Keep Format and Individual fields when annotating VCF with VEP
2
0
Entering edit mode
4.9 years ago

I'm currently updating my Variant Calling Pipeline by switching the VCF annotating software from Annovar to VEP for a variety of regions, not least how easy it is to annotate with HGVS notation and keep datasets up to date in VEP.

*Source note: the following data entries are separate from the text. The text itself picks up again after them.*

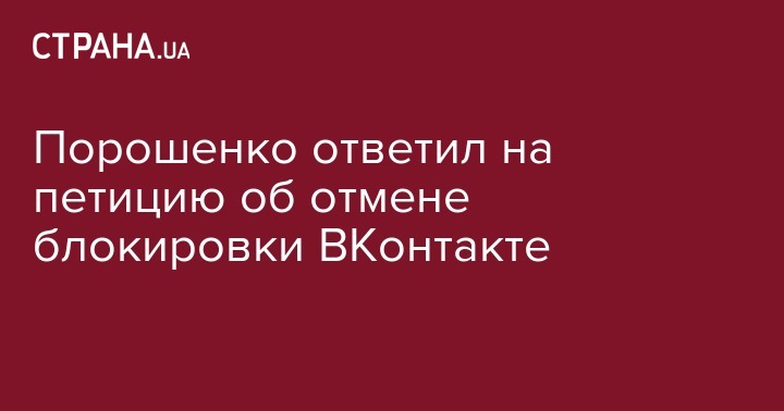 Президент Петр Порошенко отказался разблокировать российскую соцсеть "ВКонтакте". Об этом сообщается в ответе главы государства на петицию о разблокировке социальной сети, опубликованном на его официальном сайте.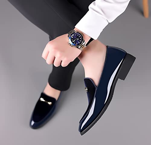 Santimon Mens Slip On Loafers Smoking Slipper Gold Buckle Moccasins Moccasins Casual Formal Business Wedding Shoes 7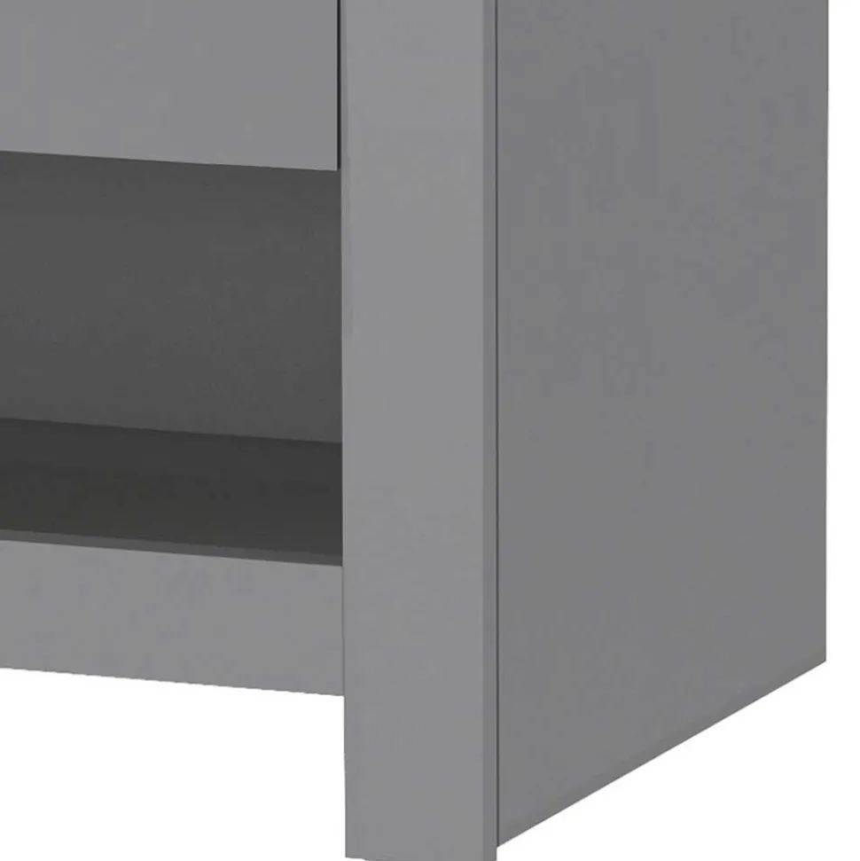 Praktische Stauraumlösung für vielseitige Nutzung Die Nachtkommode bietet eine Schublade mit leichtgängigem Metallauszug für eine geordnete Unterbringung von kleinen Alltagsgegenständen. Zusätzlich befindet sich unten ein offenes Fach, das ideal für Dekoration oder schnelle Ablageflächen geeignet ist.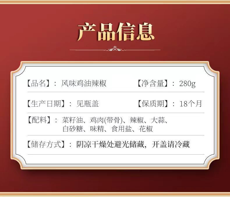 包装规格 风味鸡油油辣椒280g,风味豆豉油辣椒280g,风味水豆豉210g,风味鸡油油辣椒280g*24瓶整箱,风味豆豉油辣椒280g*24瓶整箱,风味水豆豉210g*24瓶整箱,老干妈油辣椒275g,老干妈油辣椒275g*24瓶整箱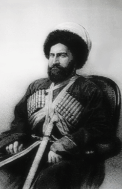 Ab ca. 1827/29 vereinigten sich viele nordostkaukasische Völker (Tschetschenen und Dagestaner) unter Ghazi Muhammad, danach Hamsat Bek und schließlich Imam Schamil zum islamischen Aufstand gegen die Expansion Russlands und erschwerten so dem Russischen Kaiserreich die Eroberung. Schamil wurde 1859 von den russischen Truppen gefangen genommen, was den tschetschenisch-dagestanischen Widerstand brach. Im Nordwestkaukasus spielte dieser sogenannte Muridenkrieg aber nur zeitweilig eine Rolle. Er wurde von Schamils Statthalter für den Westkaukasus Muḥammad al-Amīn befehligt. Ihm gelang es 1848–1851, die meisten Bjedughen, Schapsugen, und kleinere Teile der Natchuajer und Ubychen und die Mehrheit der turksprachigen Karatschaier und Balkaren hinter sich zu bringen. Sein Rivale war der vom Osmanischen Reich unterstützte Ṣaffār-bey (Sefer-bey San(uqo)/Seferbiy Saneqo), der ab 1845 die meisten Natchuajer und Abadsechen hinter sich hatte. Beide zeitweilig bedeutenden überregionalen Befehlshaber gerieten aber in den 1850er Jahren in die Defensive und wurden 1859 besiegt, wobei sich Muḥammad al-Amīn ergab und Ṣaffār-bey umkam.[113] Die meiste Zeit des Krieges wurden die tscherkessischen Stämme von Kriegsführern angeführt, die von Schamil oder vom Osmanischen Reich unabhängig waren.

For the most part everything is running smoothly, with the exception that some of the data in the VCFs is lost during annotation (and conversion to tsv). The VCFs are created with GATK's UnifiedGenotyper and include a 'Format' column where each value is 'GT:AD:DP:GQ:PL' and a column named after the Individual, which contains semicolon-separated data that corresponds to the Format column (i.e. Genotype;Allele Depth;Depth;Genotype Quality;Phred-likelihood). When I annotate with VEP none of this data is carried over to the output file as it would be in Annovar, leaving me with an annotated file that has no information on read depth, genotype or any of the other data in the two lost columns.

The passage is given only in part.